--- Extracted material Enclosed Below ---

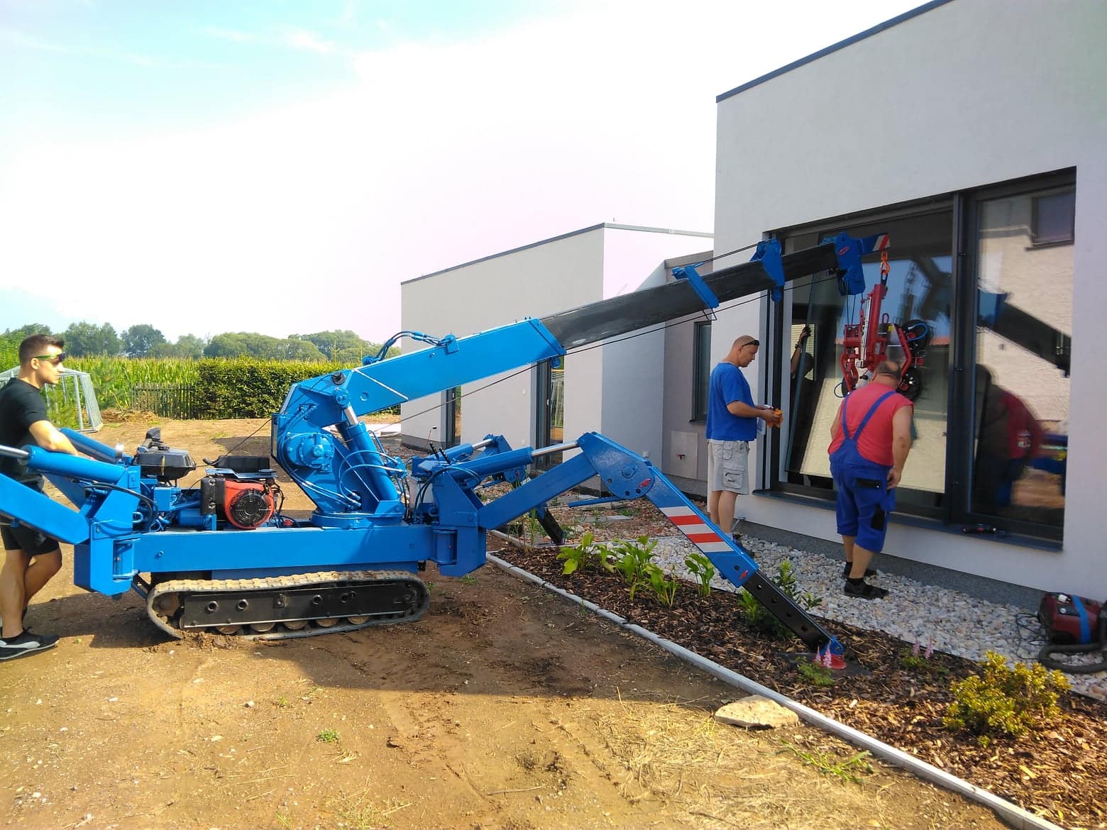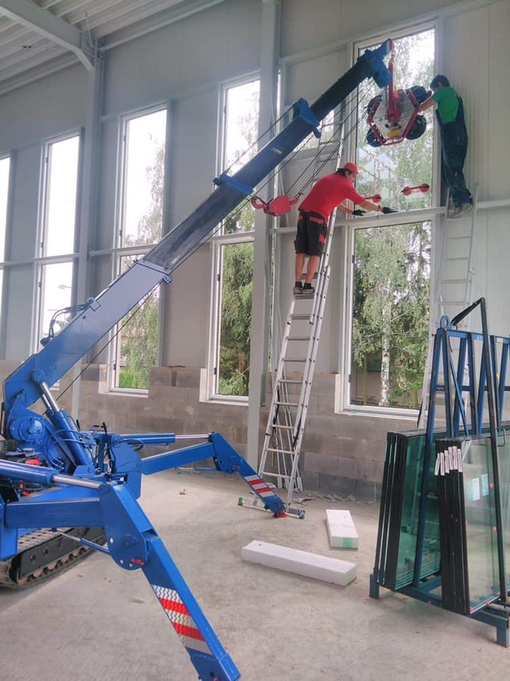Provádíme zasklívací práce s minijeřábem pomocí vakuového manipulátoru značky Kappel - model DSKZ2-12V. Lze využít při stavbě domu, zvedání těžkých břemen, úpravě terénu, stěhování strojů, osazování ČOV a bazénů,...
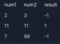 - num1이 2이고 num2가 3이므로 다릅니다. 따라서 -1을 return합니다.
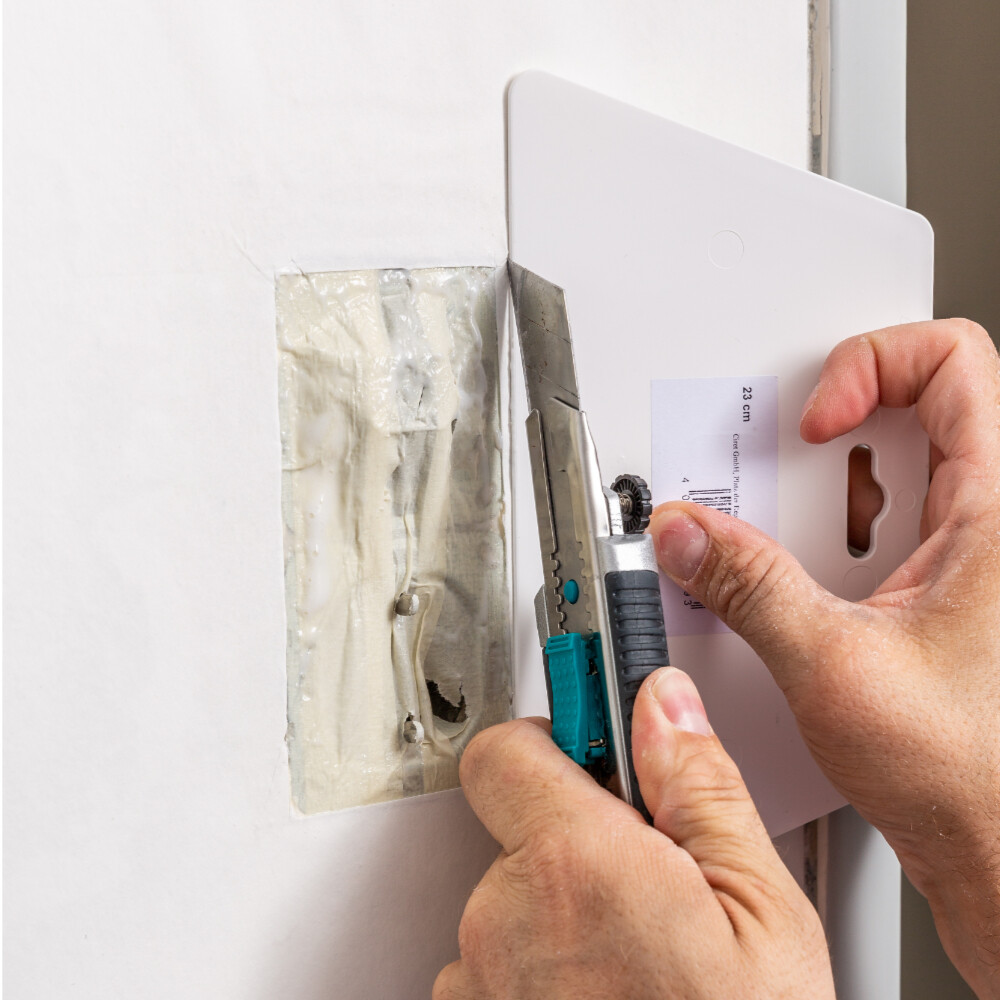 Die zuvor abgeklebten Schalter und Steckdosen mit dem Andrückwerkzeug und einem scharfen Cuttermesser exakt ausschneiden.
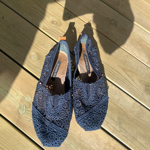 Jean Paul ballerinasko i størrelse 39. Skoene har et mønstret design med hullmønster og er svarte. De har en flat såle med mønster for grep. Brukt et fåtall ganger.
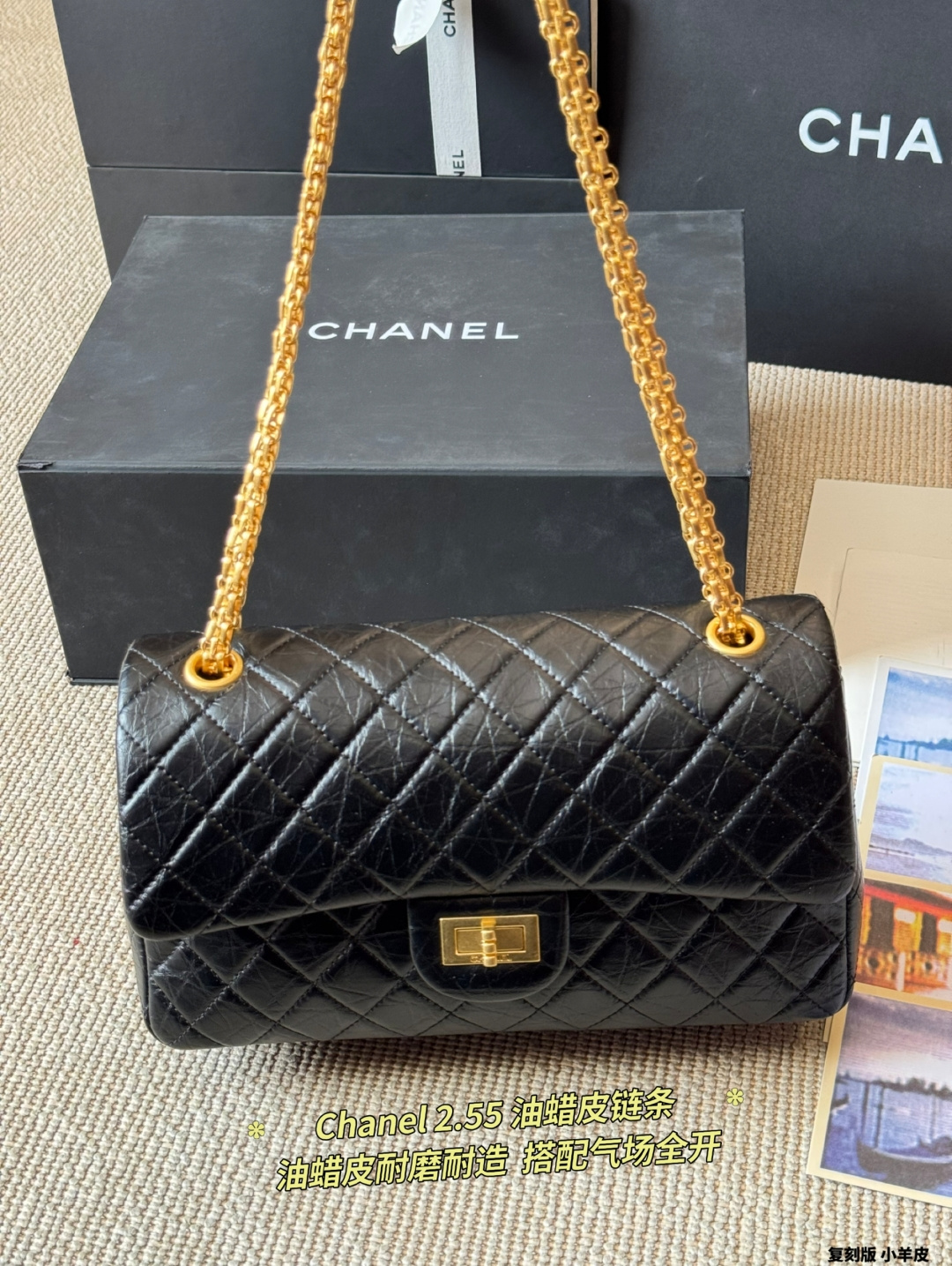 CHANEL|2.55 Waxed Leather Chain Bag

--- End of Enclosed Extracted material ---

The problem: Output the span from the line with "Jean Paul ballerinasko" through the last line of the data, inclusive and exact, and omit every picture.

Result for this task:
 Jean Paul ballerinasko i størrelse 39. Skoene har et mønstret design med hullmønster og er svarte. De har en flat såle med mønster for grep. Brukt et fåtall ganger.
 CHANEL|2.55 Waxed Leather Chain Bag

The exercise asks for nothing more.